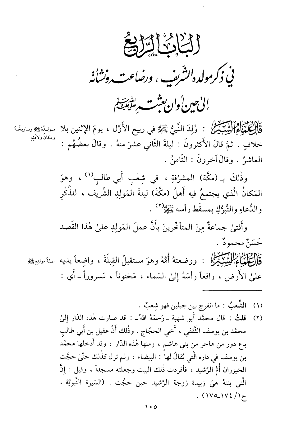 الباب الرّابع في ذكر مولده الشّريف، ورضاعته ونشأته إلى حين أوان بعثته صلى الله عليه وسلّم
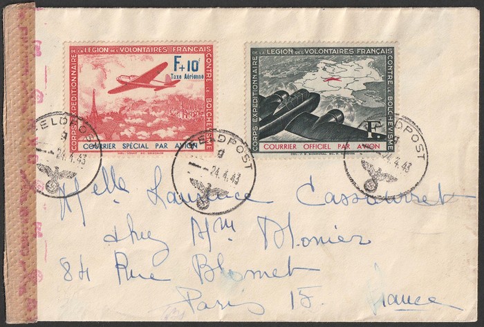 1941 French Legion on Eastern Front Airmail set F (+10F) black & red & F+10 red & blue. On cover tied by 'Feldpost g 24 4 43' cds. To Paris with Censor type. Mi II & III. Maury 2-3 cat €600. Attractive & rare usage. (P) (Image1) (Image2)
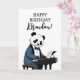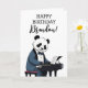 A tuxedo-wearing panda seated at a grand piano, performing for a birthday celebration.
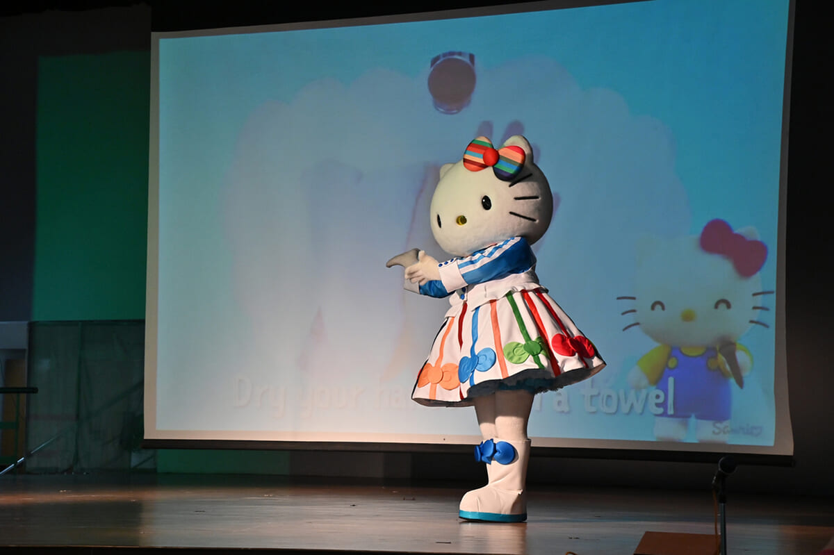 「ハローキティ」はみんなの前で、「Let's Wash Our Hands with HELLO KITTY!」の音楽に合わせて踊りながら、手洗いの8つのステップを実演しています。
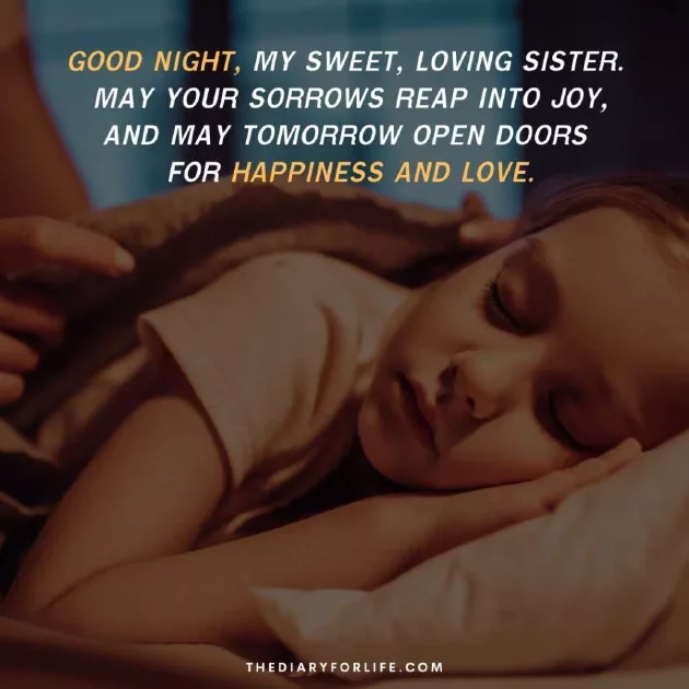 seasoned person. Good night little bad days provide nights; that's your role night and a I send good the wonderful joy helping me fight fights, I know I best friend I protection throughout. I love you.and bond. I wish you I smile at You are the Dear Sister, I hope you more significant than better friend than in my life known how to caring, protective, and beautiful sister sunshine on a cherish you. Good night.a reminder that the best and happiness and love desperate times. I wish you And unbreakable. Good night.happiness and love.For Sister• Good Night Quotes bond.Every word you text is one
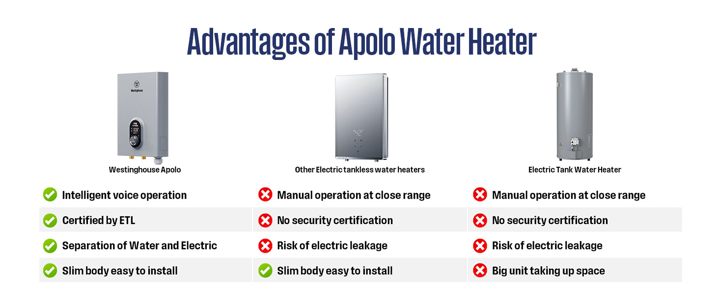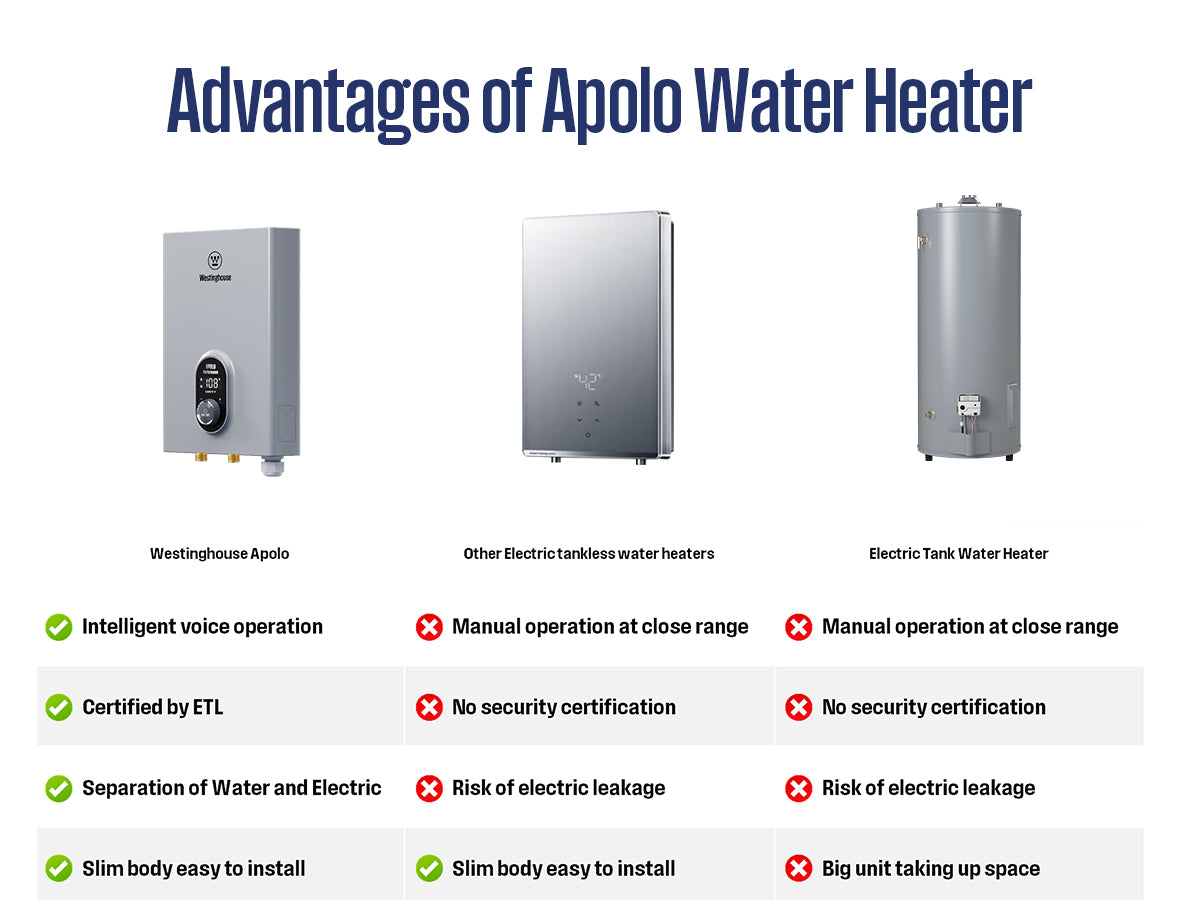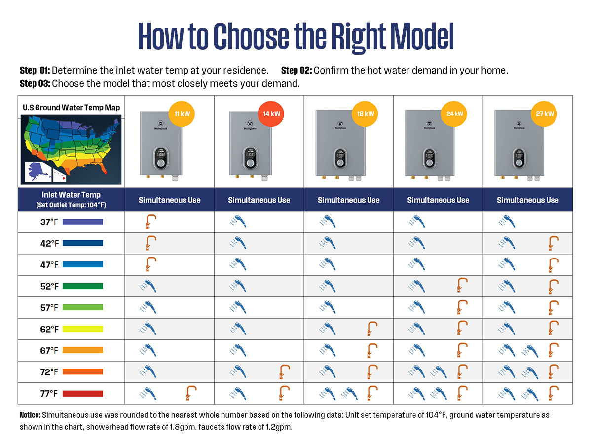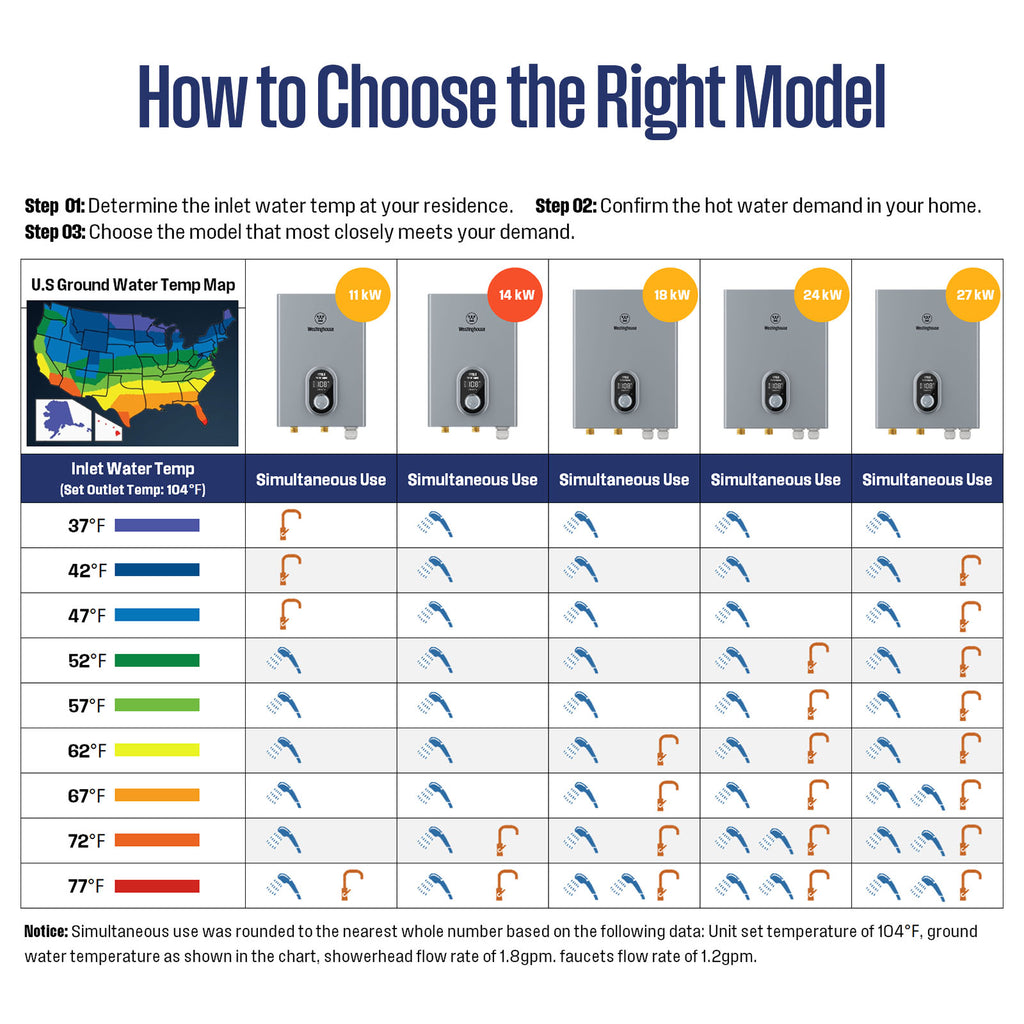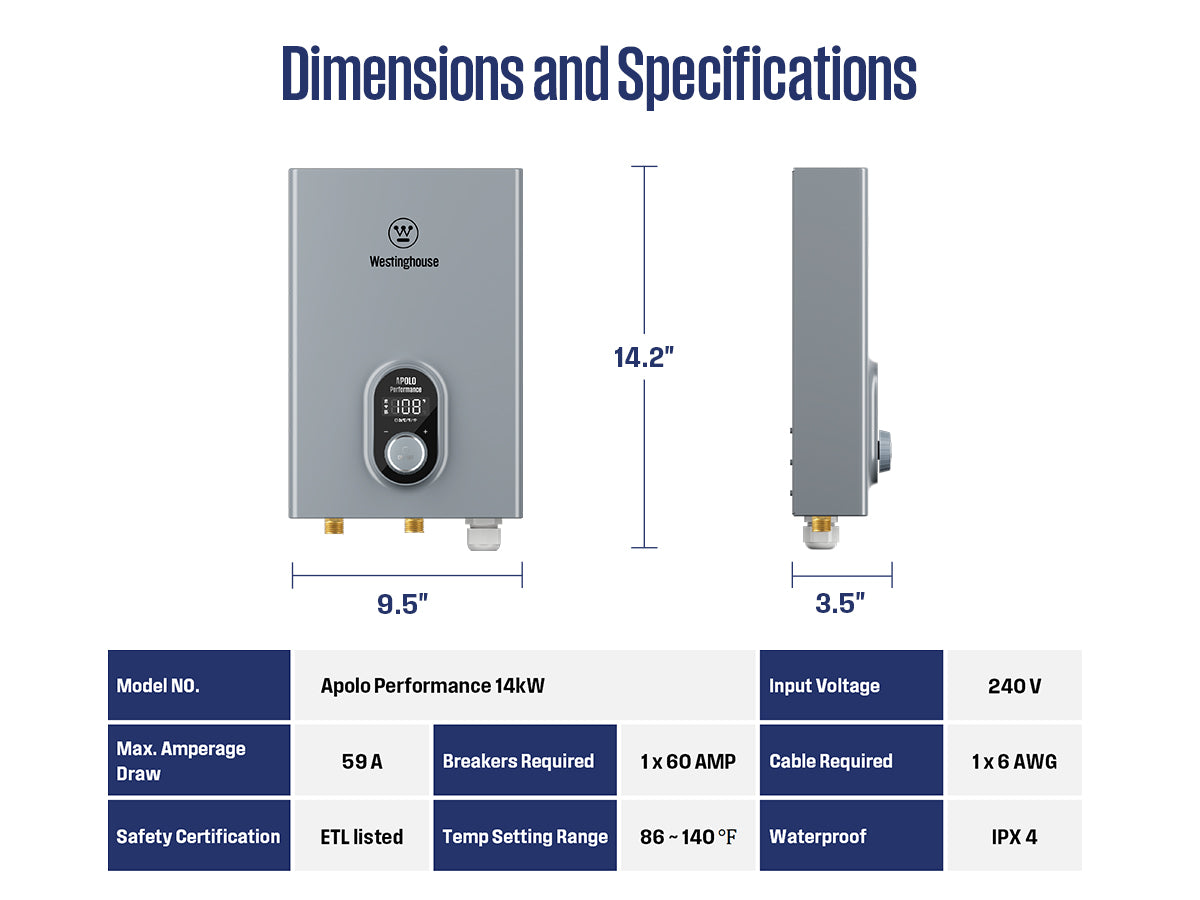 - 【INSTANT HOT WATER FOR 2 SHOWER + 1 SINKS】 Westinghouse 14kW electric tankless water heater delivers continuous hot water on demand — perfect for simultaneous use at 2 shower and 1 sinks. Eliminate waiting time and temperature fluctuations during showers, dish washing, or hand washing.

• • •

WHAT IS BEING ASKED
Please output, exactly as written, the lines above from the one holding "1941 French Legion" through the one holding "with HELLO KITTY!」の音楽に合わせて踊りながら、手洗いの8つのステップを実演しています。", both included, with the pictures omitted.

WRITTEN SOLUTION
 1941 French Legion on Eastern Front Airmail set F (+10F) black & red & F+10 red & blue. On cover tied by 'Feldpost g 24 4 43' cds. To Paris with Censor type. Mi II & III. Maury 2-3 cat €600. Attractive & rare usage. (P) (Image1) (Image2)
 A tuxedo-wearing panda seated at a grand piano, performing for a birthday celebration.
 「ハローキティ」はみんなの前で、「Let's Wash Our Hands with HELLO KITTY!」の音楽に合わせて踊りながら、手洗いの8つのステップを実演しています。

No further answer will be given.